ISBN-13: 9780307472762

Summary
A big, blackly comic, wickedly-on-target send up of our society—all of it—from the Pulitzer Prize-winning author of A Thousand Acres. As a microcosm of today's western world, Smiley gives readers a huge Midwestern agricultural college nicknamed Moo U.

Nestled in the heart of the Midwest, amid cow pastures and waving fields of grain, lies Moo University, a distinguished institution devoted to the art and science of agriculture.

Here, among an atmosphere rife with devious plots, mischievous intrigue, lusty liaisons, and academic one-upmanship, Chairman X of the Horticulture Department harbors a secret fantasy to kill the dean; Mrs. Walker, the provost's right hand and campus information queen, knows where all the bodies are buried; Timothy Nonahan, associate professor of English, advocates eavesdropping for his creative writing assignments; and Bob Carlson, a sophomore, feeds and maintains his only friend: a hog named Earl Butz.

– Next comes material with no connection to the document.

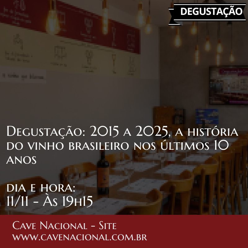Participe da masterclass inaugural da série de eventos em comemoração aos 10 anos da Cave Nacional. Nesse encontro (11/11) Rogerio Dardeau, deverá abordar a evolução do vinho brasileiro nos últimos 10 anos.

In this wonderfully written and masterfully plotted novel, Jane Smiley, the Pulitzer Prize-winning author of A Thousand Acres, offers us a wickedly funny comedy that is also a darkly poignant slice of life. (From the publisher.)


Author Bio
Birth—September 26, 1949
Where—Los Angeles, California, USA
Rasied—Webster Grove, Missouri
Education—B.A., Vassar College; M.A., M.F.A, and Ph.D., Iowa University
Awards—Pulitzer Prize, 1992; National Book Critics Circle Award, 1991
Currently—lives in Northern California


Jane Smiley is the author of numerous works of fiction, including The Age of Grief, The Greenlanders, Ordinary Love & Good Will, A Thousand Acres (for which she was awarded the Pulitzer Prize), and Moo. She lives in northern California. (From the publisher.)

More
Jane Smiley is a Pulitzer Prize-winning American novelist.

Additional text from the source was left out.